Впрочем, Гриша и не отрицал своей вины. Он предполагал, что сами собой воспламенились реактивы, которые он хранил под застрехой колосовской бани и на которые, возможно, подействовали внешние силы: мягкая погода могла вызвать таяние снега и воду, очень опасную для одного реактива. Не отрицал он и возможности подземных толчков.
– За такие толчки, стало быть с конца на конец, по шее дают… – высказал свое мнение Ананий Северьяныч, почесывая спину.
– Врет он все, сучий сын! – возразил злобный старик Пахомыч. – Самогонку, наверное, стервец гнал… Вот ужо ребра тебе поломаем…
– Да какие же, дорогой Сидор Пахомыч, у меня ребра?.. – защищался Гриша. – Так… смех один, а не ребра… Ко всему этому, доложу я вам, одно уже сломано в двадцатом году поручиком Насыпайко…
– Ничего, еще целенькие найдутся… – утешал его Пахомыч.
– Вряд ли… – сомневался Гриша и качал головой. – Впрочем, я готов понести заслуженное наказание.
Но, к счастью виновника, пожар удалось быстро потушить. Сгорела только крыша да два бревна угловой связи сруба. Народный гнев быстро сменился на милость. Развеселились. Над Гришей уже подшучивали, парни забавлялись тем, что обливали водой девушек. Возбужденный и мокрый Денис, с запачканным сажей лицом, подошел к шинели и кителю, валявшимся на снегу, и, рассучивая рукава рубашки, весело крикнул Грише:
– Ничего, Гриша, не унывай… Всяко бывает. Самое главное – баню отстояли.
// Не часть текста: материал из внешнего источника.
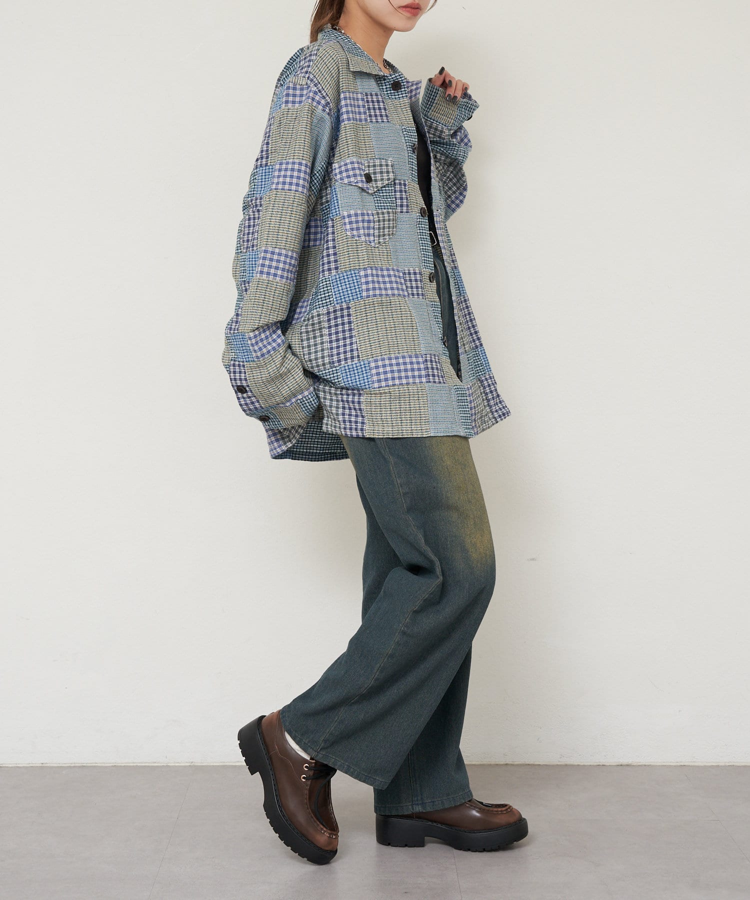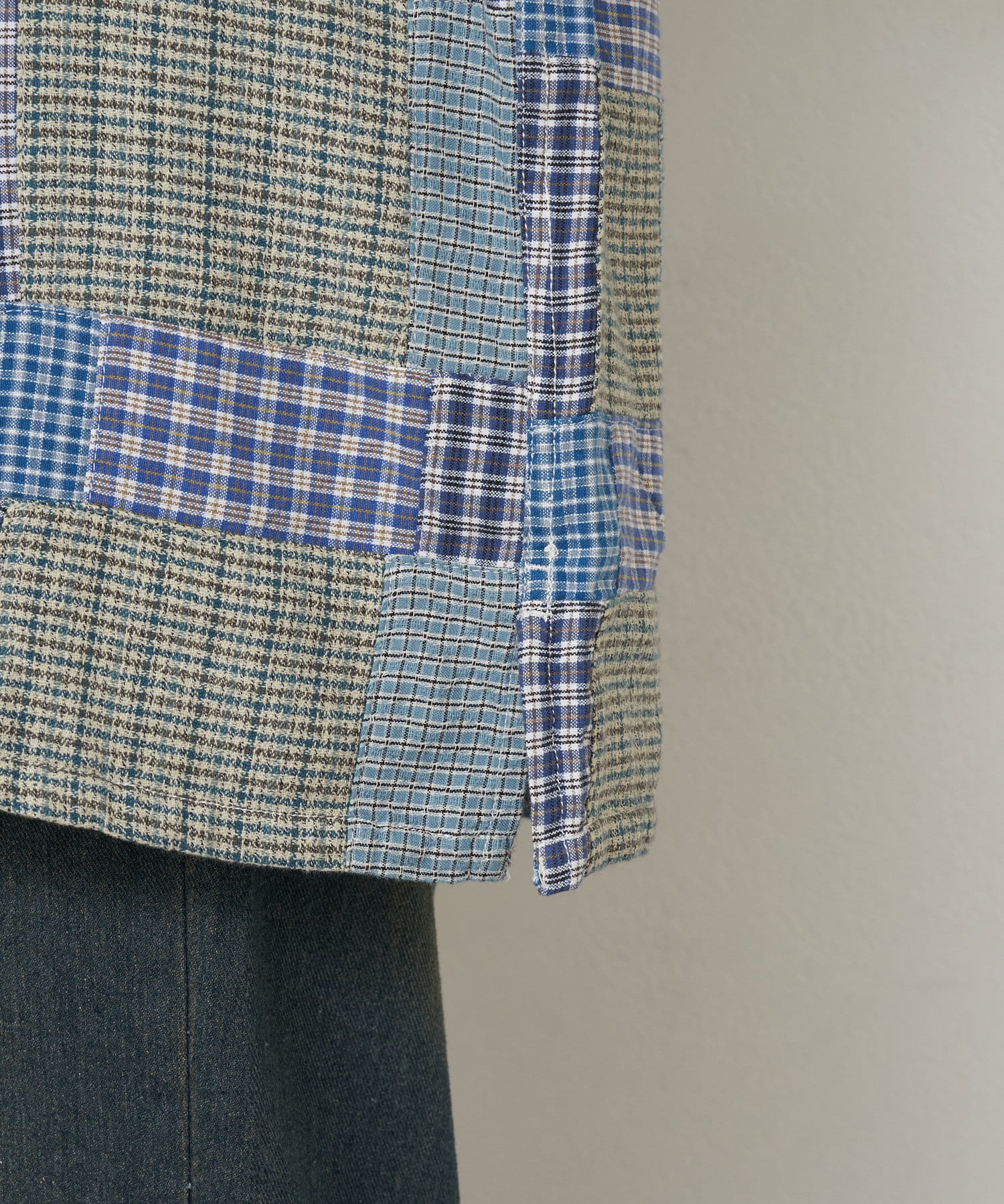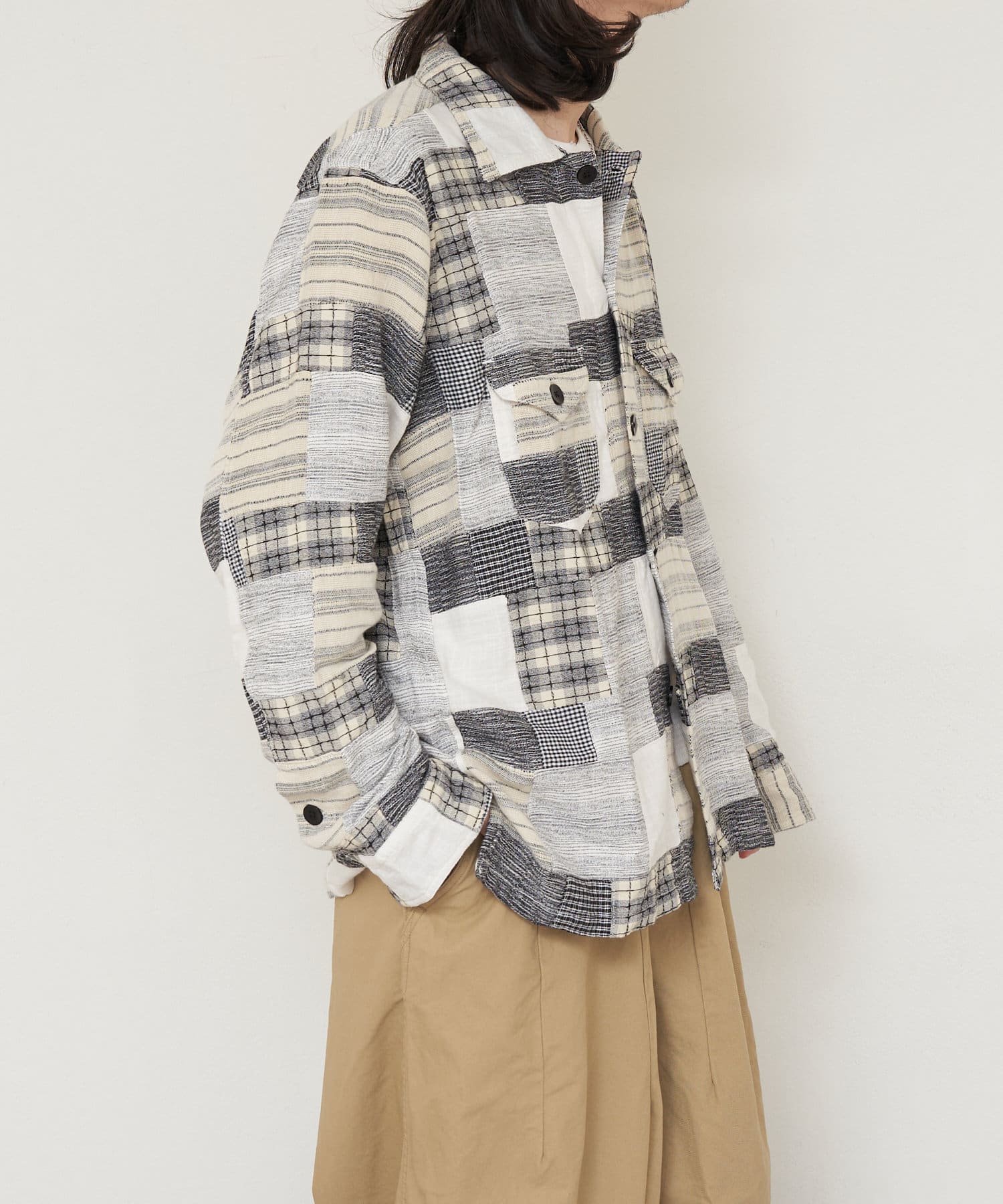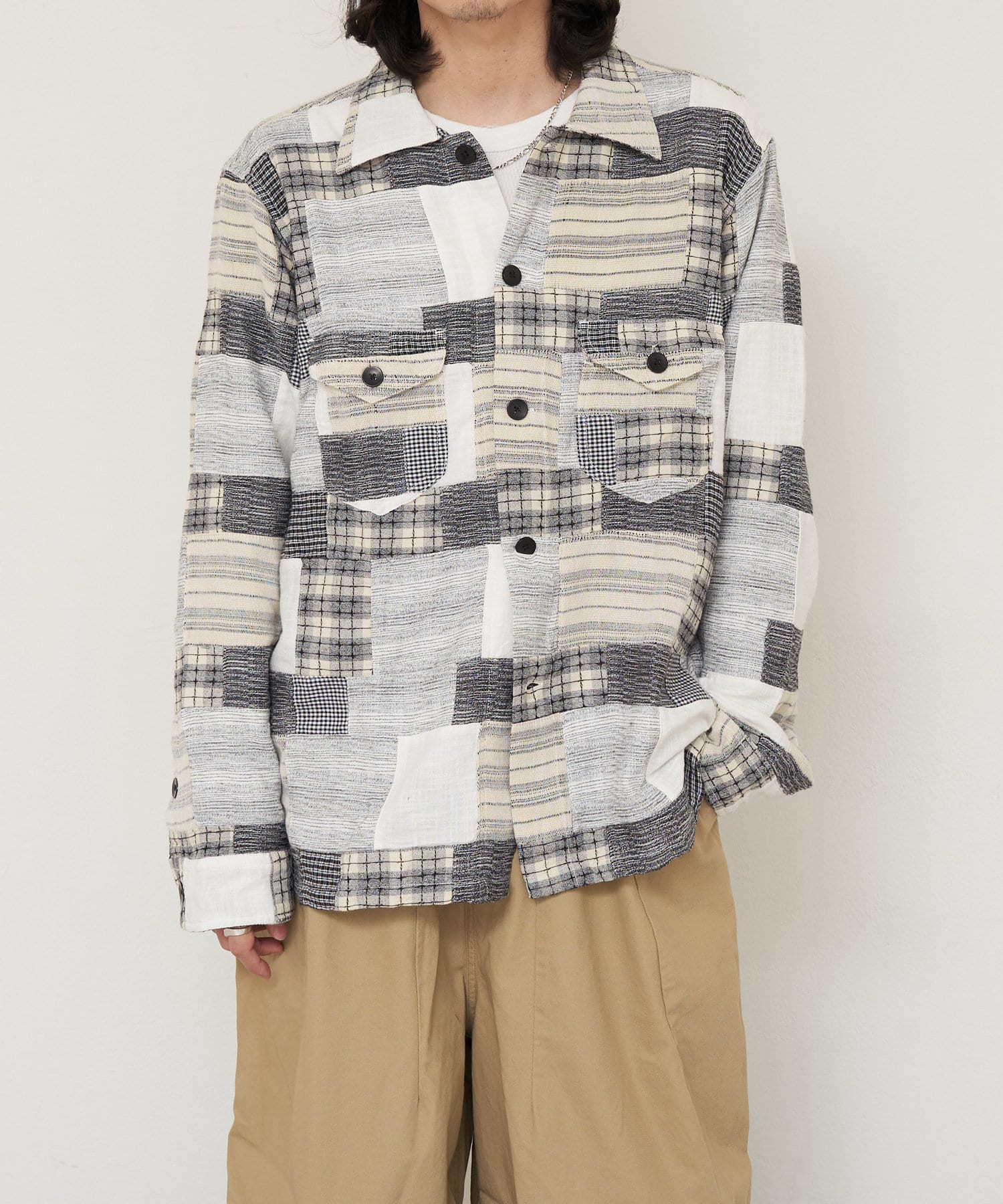 スモーキーな雰囲気が漂う小さなチェックパッチワークが特徴的な「Smokey Shirt - Small Plaid Patchwork」。異なるチェック柄を組み合わせたパッチワークデザインが独特の個性を引き立て、シンプルながらも目を引く一着です。柔らかいコットン素材を使用し、肌触りが良く、軽やかな着心地。オープンカラーのデザインが程よいリラックス感を与え、カジュアルなスタイルにぴったり。日常のコーディネートにアクセントを加える、使いやすくも印象的なアイテムです。

– Жаль… – тихо сказал кто-то за его спиной. – Лучше б она сгорела.
Бушуев быстро обернулся и увидел Манефу. Она стояла, прислонясь к стволу толстой березы и обнимая его рукой, без платка, накинув на плечи короткую меховую шубку, и, хмурясь, смотрела прямо в глаза Дениса. Он понял смысл ее слов и покраснел.
– Маня…
– Что?
Он замялся, не зная, что сказать.
– Ты давно тут?.. Видела… видела, как горело?..
– Видела. Все видела… – усмехнулась она. – Видела, и как ты ее отстаивал, старался… чуть сам не сгорел. Смотри, Денис, с огнем шутки плохи…
Губы ее дрогнули, а глаза уже не смотрели в глаза Дениса, а беспокойно шарили по его лицу, словно не знали, на чем остановиться. Кругом никого не было. Народ толпился возле Гриши, что-то горячо рассказывавшего.
– Зачем ты так говоришь, Маня? – тихо спросил Денис.
– А затем, что не хочу говорить по-другому… Ишь, как перемазался сажей-то! Умойся снегом, что ли…
Она улыбнулась, поправила на плечах шубку и неторопливо пошла в гору, не оглядываясь и не ускоряя шага. Бушуев долго смотрел ей вслед, – смотрел до тех пор, пока Манефа не скрылась за углом колосовского дома. Потом зачерпнул в пригоршни снега и стал тереть им лицо…
IX
Крутила метель, раскачивая голые тополя и щедро засыпая их снегом. Это была последняя бурная вспышка зимы в конце марта, когда уже на Волге появились проталины и на крышах стеклянными пиками висели тяжелые сосульки.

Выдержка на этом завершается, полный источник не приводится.